3 Toen zeiden de oversten der Filistijnen: Wat zullen deze Hebreen? Zo zeide Achis tot de oversten der Filistijnen: Is deze niet David, de knecht van Saul, den koning van Israel, die deze dagen of deze jaren bij mij geweest is? En ik heb in hem niets gevonden van dien dag af, dat hij afgevallen is tot dezen dag toe.
Then the leaders of the Philistines said, "What about these Hebrews?" And Achish said to the leaders of the Philistines, "Isn't this David, the servant of Saul the king of Israel, who has been with me these days, or rather these years, and I have found no fault in him since he defected to me until this day?"
4 Doch de oversten der Filistijnen werden zeer toornig op hem, en de oversten der Filistijnen zeiden tot hem: Doe den man wederkeren, dat hij tot zijn plaats wederkere, waar gij hem besteld hebt, en dat hij niet met ons aftrekke in den strijd, opdat hij ons niet tot een tegenpartijder worde in den strijd; want waarmede zou deze zich bij zijn heer aangenaam maken? Is het niet met de hoofden dezer mannen?
But the leaders of the Philistines were angry with him, and said to him, "Send that man back to the place where you have assigned him, and he must not go down with us to battle, or in the battle he may become an adversary. For how could this fellow reconcile himself to his lord? Should it not be with the heads of these men?
5 Is dit niet die David, van denwelken zij in den rei elkander antwoordden, zeggende: Saul heeft zijn duizenden geslagen, maar David zijn tienduizenden?

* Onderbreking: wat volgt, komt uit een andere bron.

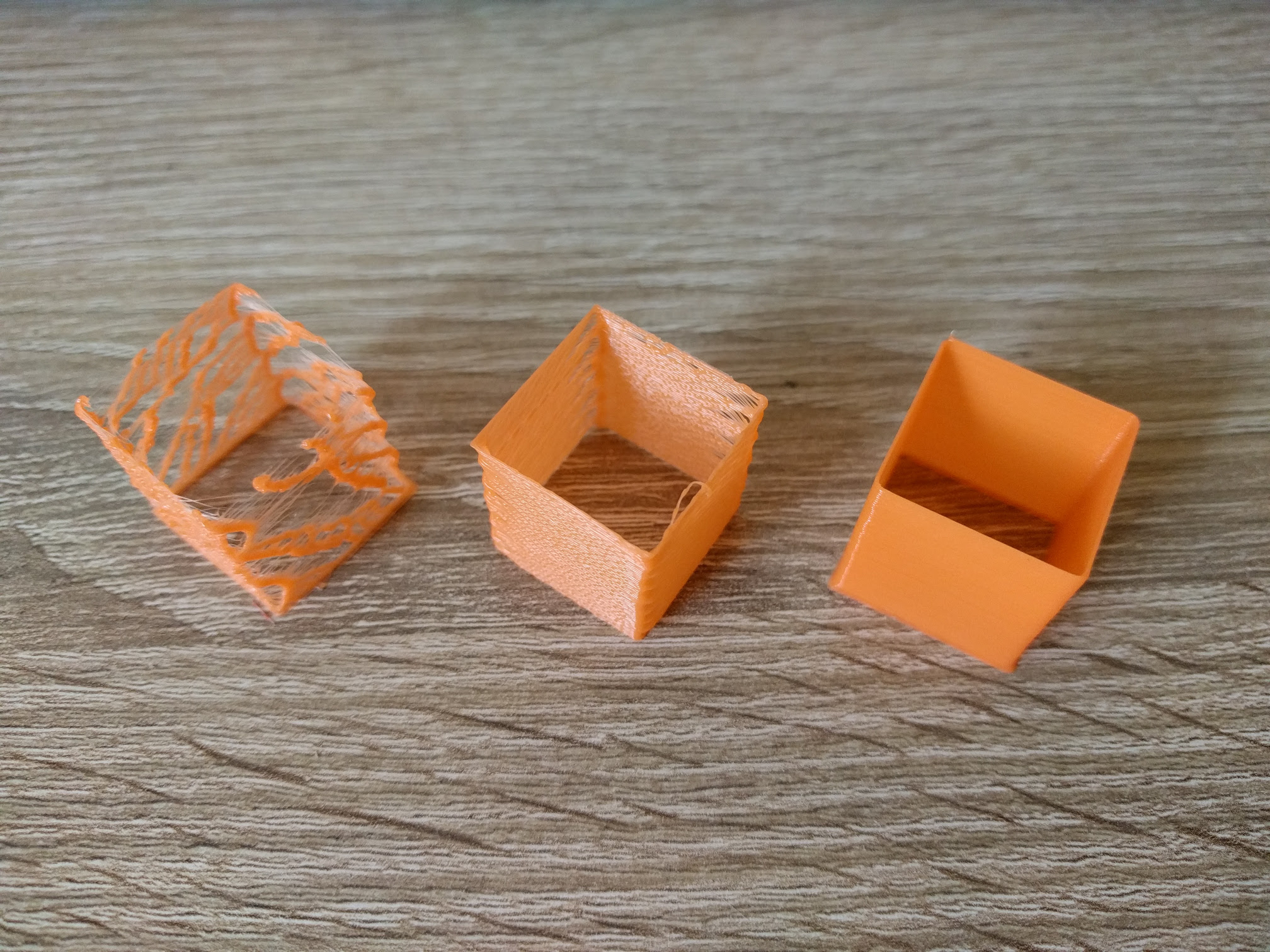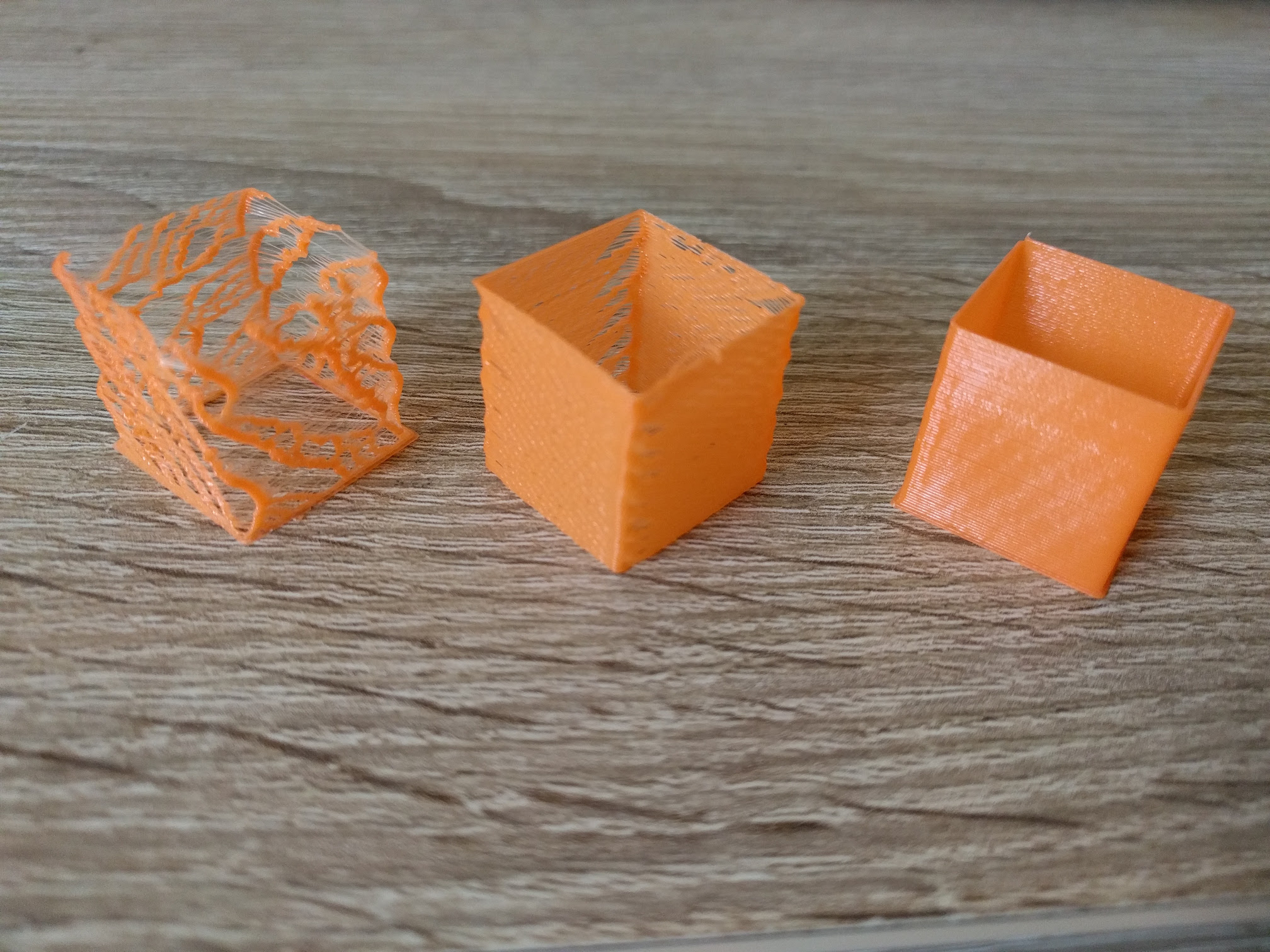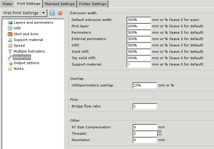 Mám trysku 0.4mm, 3mm ABS filament. Slic3r mám nastavený defaultně. Děje se mi to, že při výplni se mi tvoří cucky. Podívejte na přiložené fotky. Spodní vrstva je super (kromě toho urvaného rohu). Ale při pohledu z boku je vidět, že jsou ve stěně dírky. Při pohledu zhora jsou vidět ty pucky. Tisknul jsem testovací kostku 20x20x20 a stejný výsledek. Co pomohlo, bylo nastavení "Extrusion multiplier" z 1 na 2. Pak to vypadá solidně (taky se vytlačí 2x více filamentu). Co mě ale zaráží je, že v popisku je, že se obvykle mění na 0.9 až 1.1. Další, co pomohlo, bylo nastavit vše v "Extrusion Width" na 300%. První kostka měla nastaveno 0 (auto), druhá 200% a třetí 300%. Zase ale, není 300% moc? Na různých diskuzích jsem četl, že nekdo dává 220%.

Is not this David about whom they sang one to another in dances, saying, 'Saul has slain his thousands, and David his ten thousands?'"
6 Toen riep Achis David, en zeide tot hem: Het is zo waarachtig als de HEERE leeft, dat gij oprecht zijt, en uw uitgang en uw ingang met mij in het leger is goed in mijn ogen; want ik heb geen kwaad bij u gevonden, van dien dag af, dat gij tot mij zijt gekomen, tot dezen dag toe; maar gij zijt niet aangenaam in de ogen der vorsten.
Then Achish called David, and said to him, "As the LORD lives, you have been upright, and your going out and your coming in with me in the army is good in my sight; for I have not found evil in you since the day of your coming to me to this day. Nevertheless, the lords do not favor you.
7 Zo keer nu om, en ga in vrede, opdat gij geen kwaad doet in de ogen van de vorsten der Filistijnen.
Therefore now return, and go in peace, that you not displease the lords of the Philistines."
8 Toen zeide David tot Achis: Maar wat heb ik gedaan? Of wat hebt gij in uw knecht gevonden, van dien dag af, dat ik voor uw aangezicht geweest ben, tot dezen dag toe, dat ik niet zal gaan en strijden tegen de vijanden van mijn heer, den koning?
David said to Achish, "But what have I done? What have you found in your servant so long as I have been before you to this day, that I may not go and fight against the enemies of my lord the king?"
9 Achis nu antwoordde en zeide tot David: Ik weet het; voorwaar, gij zijt aangenaam in mijn ogen, als een engel Gods; maar de oversten der Filistijnen hebben gezegd: Laat hem met ons in dezen strijd niet optrekken.
Then Achish answered David, "I know that you are good in my sight. However, the leaders of the Philistines have said, 'He must not go up with us to the battle.'
10 Nu dan, maak u morgen vroeg op met de knechten uws heren, die met u gekomen zijn; en als gijlieden u morgen vroeg zult opgemaakt hebben, en het ulieden licht geworden is, zo gaat heen.
So get up early in the morning, you and the servants of your lord who have come with you, and go to the place which I allotted to you. As for evil remarks, take none to heart; for you are good in my sight. And as soon as you are up early in the morning, and have light, depart."
11 Toen maakte zich David vroeg op, hij en zijn mannen, dat zij des morgens weggingen, om weder te keren in het land der Filistijnen; de Filistijnen daarentegen togen op naar Jizreel.
So David and his men got up early to return to the land of the Philistines. But the Philistines went up to Jezreel.